INFORMATION SUPPLIED >>
· · · · · · ·

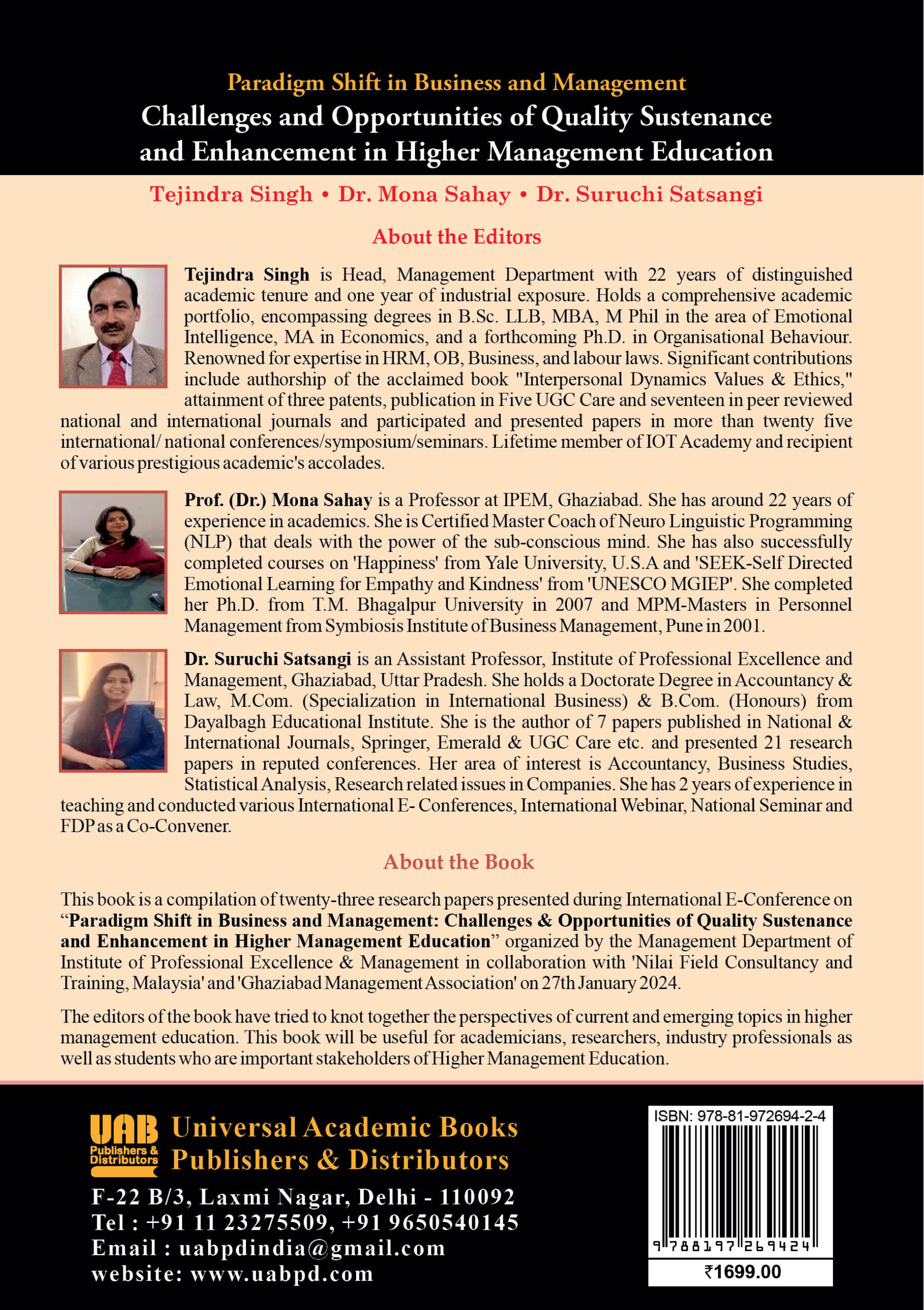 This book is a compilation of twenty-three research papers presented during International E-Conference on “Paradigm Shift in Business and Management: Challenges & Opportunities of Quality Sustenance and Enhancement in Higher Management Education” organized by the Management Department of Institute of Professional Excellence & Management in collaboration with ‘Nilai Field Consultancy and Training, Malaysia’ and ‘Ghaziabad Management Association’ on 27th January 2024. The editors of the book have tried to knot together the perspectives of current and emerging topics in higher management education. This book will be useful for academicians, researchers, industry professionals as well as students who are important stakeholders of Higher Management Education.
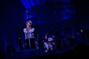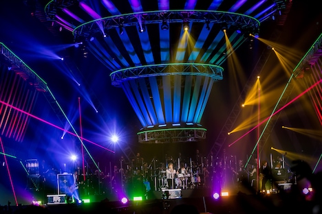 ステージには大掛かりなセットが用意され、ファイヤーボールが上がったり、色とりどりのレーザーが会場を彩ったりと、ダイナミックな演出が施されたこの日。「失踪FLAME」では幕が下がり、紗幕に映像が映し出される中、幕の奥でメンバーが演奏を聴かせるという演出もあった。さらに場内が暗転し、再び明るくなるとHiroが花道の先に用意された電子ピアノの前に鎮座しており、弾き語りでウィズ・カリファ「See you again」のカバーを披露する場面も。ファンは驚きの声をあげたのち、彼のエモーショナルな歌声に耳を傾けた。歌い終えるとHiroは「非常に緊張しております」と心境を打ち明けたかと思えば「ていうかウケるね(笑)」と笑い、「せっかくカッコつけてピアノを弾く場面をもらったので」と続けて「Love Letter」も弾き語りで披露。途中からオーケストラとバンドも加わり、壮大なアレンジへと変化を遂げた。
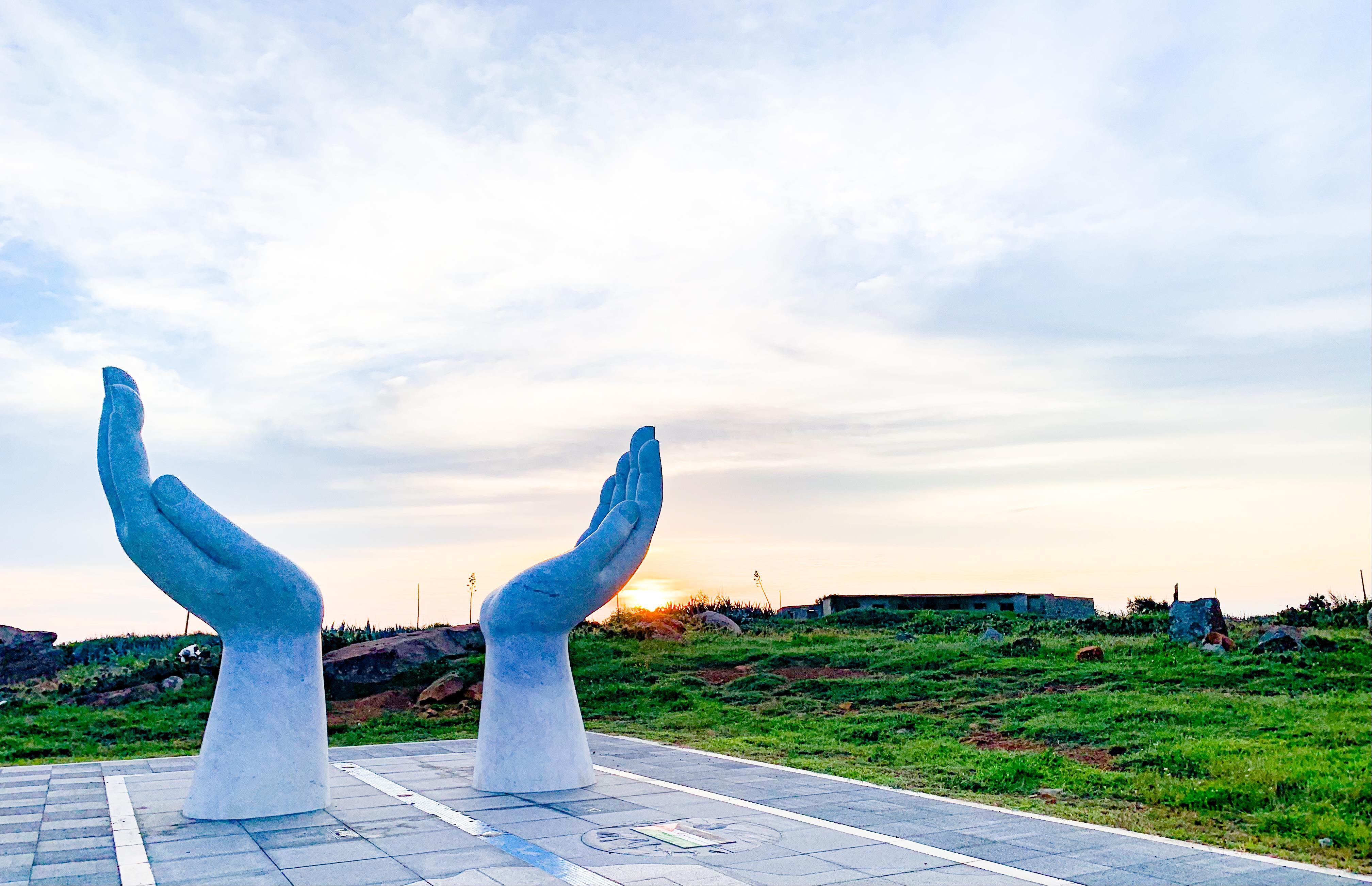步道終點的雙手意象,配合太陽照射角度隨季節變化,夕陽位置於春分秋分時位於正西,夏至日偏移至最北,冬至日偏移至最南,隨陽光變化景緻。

· · · · · · ·

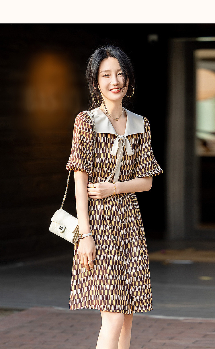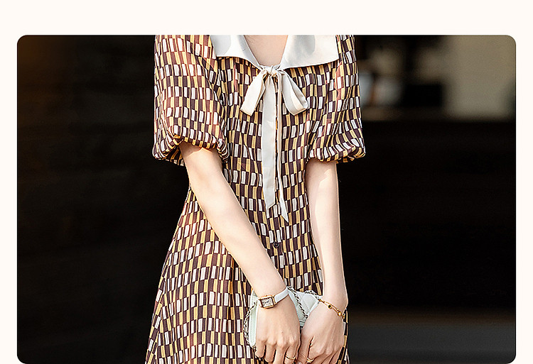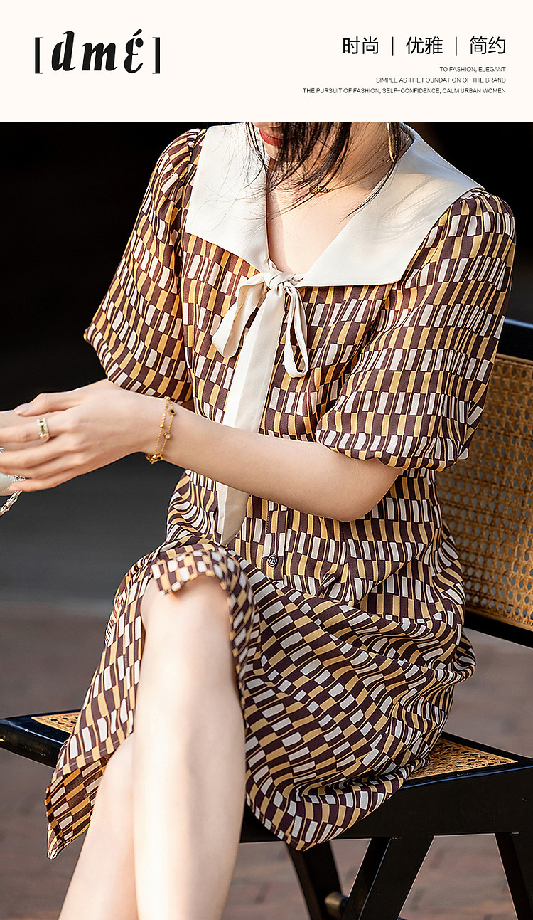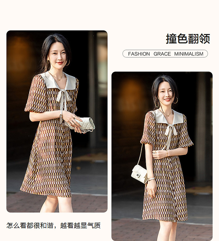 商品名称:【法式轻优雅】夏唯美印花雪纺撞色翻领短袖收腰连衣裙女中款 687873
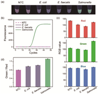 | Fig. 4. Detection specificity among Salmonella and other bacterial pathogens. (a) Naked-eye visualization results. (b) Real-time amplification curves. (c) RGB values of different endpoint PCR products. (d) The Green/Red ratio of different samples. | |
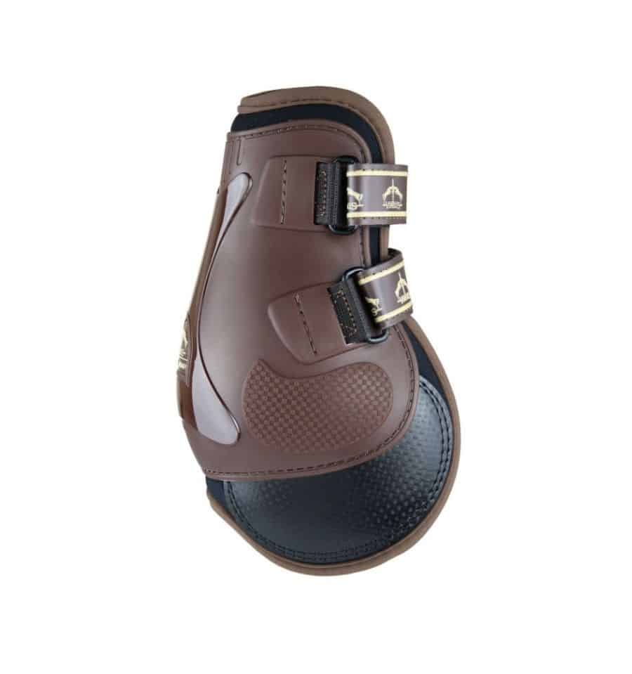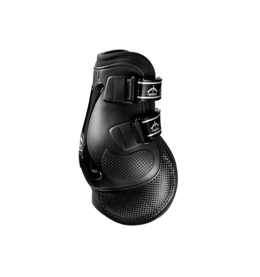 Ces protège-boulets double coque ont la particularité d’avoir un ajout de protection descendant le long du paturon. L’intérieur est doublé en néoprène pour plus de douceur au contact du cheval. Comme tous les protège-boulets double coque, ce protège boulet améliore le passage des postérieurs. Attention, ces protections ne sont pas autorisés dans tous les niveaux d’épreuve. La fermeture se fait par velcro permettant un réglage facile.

· · · · · · ·

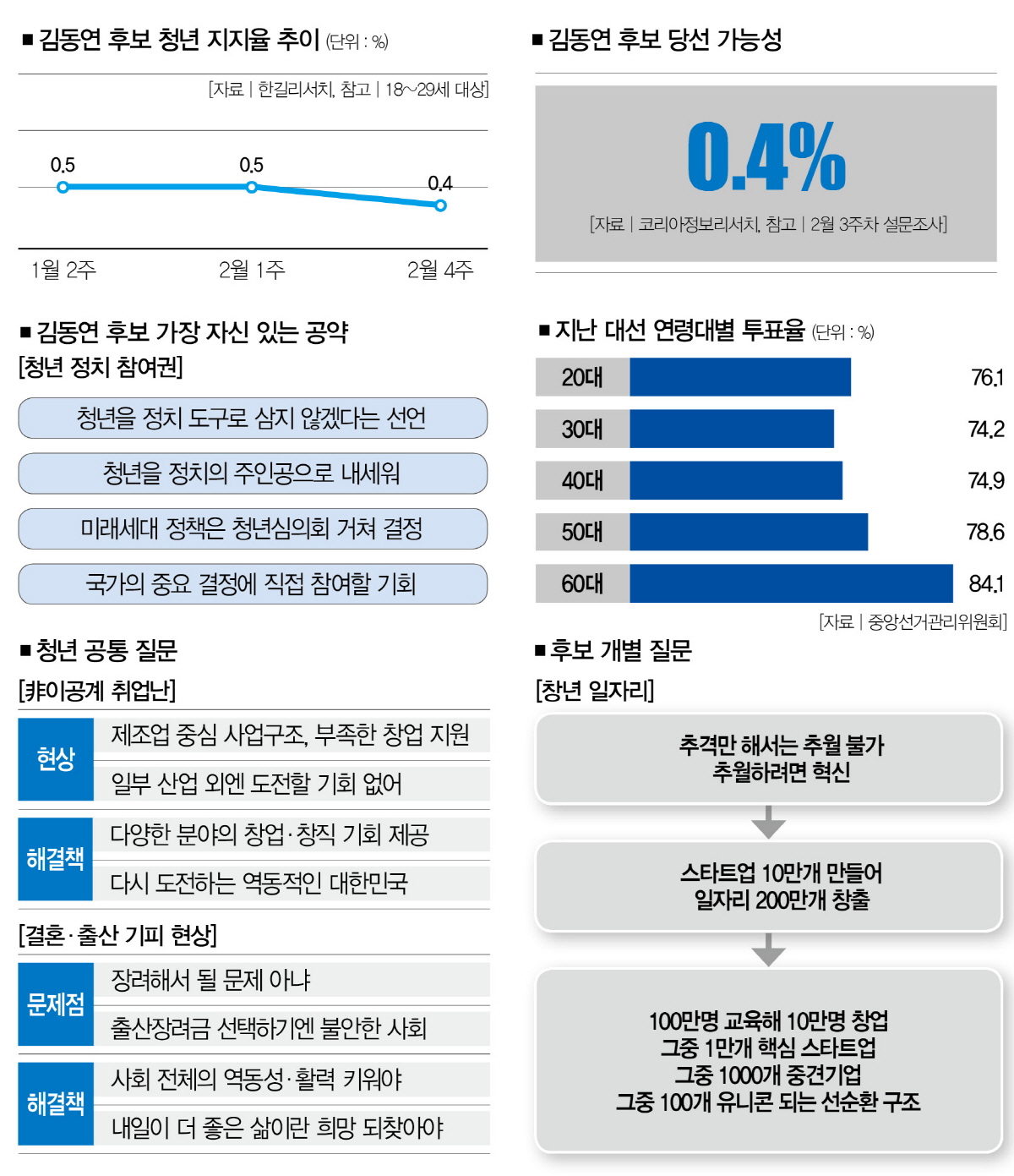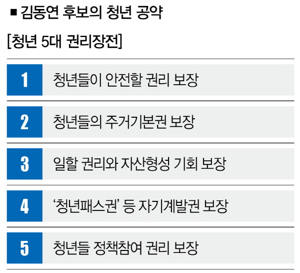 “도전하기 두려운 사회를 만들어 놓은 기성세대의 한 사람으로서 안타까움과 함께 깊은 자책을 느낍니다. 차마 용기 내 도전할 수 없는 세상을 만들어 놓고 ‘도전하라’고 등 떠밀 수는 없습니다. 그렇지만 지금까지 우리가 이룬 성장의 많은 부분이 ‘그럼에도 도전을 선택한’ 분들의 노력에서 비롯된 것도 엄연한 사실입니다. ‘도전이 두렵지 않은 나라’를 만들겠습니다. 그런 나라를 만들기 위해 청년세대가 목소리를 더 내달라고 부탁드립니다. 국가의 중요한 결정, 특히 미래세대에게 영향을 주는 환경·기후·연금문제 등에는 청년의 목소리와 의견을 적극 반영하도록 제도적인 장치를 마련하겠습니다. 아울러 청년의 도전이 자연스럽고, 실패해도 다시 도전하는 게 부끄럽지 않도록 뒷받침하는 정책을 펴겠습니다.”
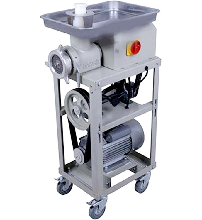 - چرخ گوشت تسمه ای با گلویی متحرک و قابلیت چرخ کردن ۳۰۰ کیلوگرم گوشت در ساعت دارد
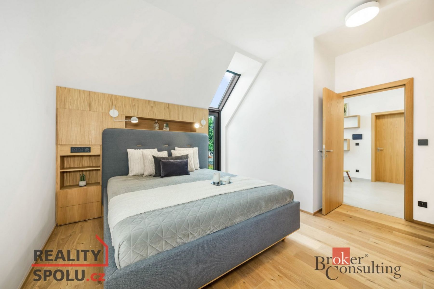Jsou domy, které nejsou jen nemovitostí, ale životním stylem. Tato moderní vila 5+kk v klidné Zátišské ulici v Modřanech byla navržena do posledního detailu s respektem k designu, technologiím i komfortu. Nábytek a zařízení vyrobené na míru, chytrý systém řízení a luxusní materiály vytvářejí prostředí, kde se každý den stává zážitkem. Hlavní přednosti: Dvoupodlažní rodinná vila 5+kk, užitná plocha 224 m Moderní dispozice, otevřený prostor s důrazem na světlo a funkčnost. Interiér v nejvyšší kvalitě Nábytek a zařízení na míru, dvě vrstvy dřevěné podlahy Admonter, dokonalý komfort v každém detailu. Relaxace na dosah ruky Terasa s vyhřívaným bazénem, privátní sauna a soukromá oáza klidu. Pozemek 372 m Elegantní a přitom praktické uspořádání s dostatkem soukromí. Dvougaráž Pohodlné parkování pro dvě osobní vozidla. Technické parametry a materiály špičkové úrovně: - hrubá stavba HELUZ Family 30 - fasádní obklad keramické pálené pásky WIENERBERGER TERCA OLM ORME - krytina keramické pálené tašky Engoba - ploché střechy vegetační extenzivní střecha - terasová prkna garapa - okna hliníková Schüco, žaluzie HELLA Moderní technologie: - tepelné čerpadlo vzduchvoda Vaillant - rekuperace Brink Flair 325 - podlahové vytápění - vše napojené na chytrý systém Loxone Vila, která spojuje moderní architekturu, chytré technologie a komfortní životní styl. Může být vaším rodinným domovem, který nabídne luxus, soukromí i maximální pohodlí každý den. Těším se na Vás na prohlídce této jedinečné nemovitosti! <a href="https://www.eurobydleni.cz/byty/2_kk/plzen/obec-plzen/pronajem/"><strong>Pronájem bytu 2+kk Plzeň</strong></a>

· · · · · · ·

THE TASK >> Working from the entries above, reproduce exactly and only the lines beginning with the line that has "商品名称:【法式轻优雅】夏唯" and ending with the line that has "Ces protège-boulets double"; omit all pictures.

TASK RESPONSE >>
 商品名称:【法式轻优雅】夏唯美印花雪纺撞色翻领短袖收腰连衣裙女中款 687873
 | Fig. 4. Detection specificity among Salmonella and other bacterial pathogens. (a) Naked-eye visualization results. (b) Real-time amplification curves. (c) RGB values of different endpoint PCR products. (d) The Green/Red ratio of different samples. | |
 Ces protège-boulets double coque ont la particularité d’avoir un ajout de protection descendant le long du paturon. L’intérieur est doublé en néoprène pour plus de douceur au contact du cheval. Comme tous les protège-boulets double coque, ce protège boulet améliore le passage des postérieurs. Attention, ces protections ne sont pas autorisés dans tous les niveaux d’épreuve. La fermeture se fait par velcro permettant un réglage facile.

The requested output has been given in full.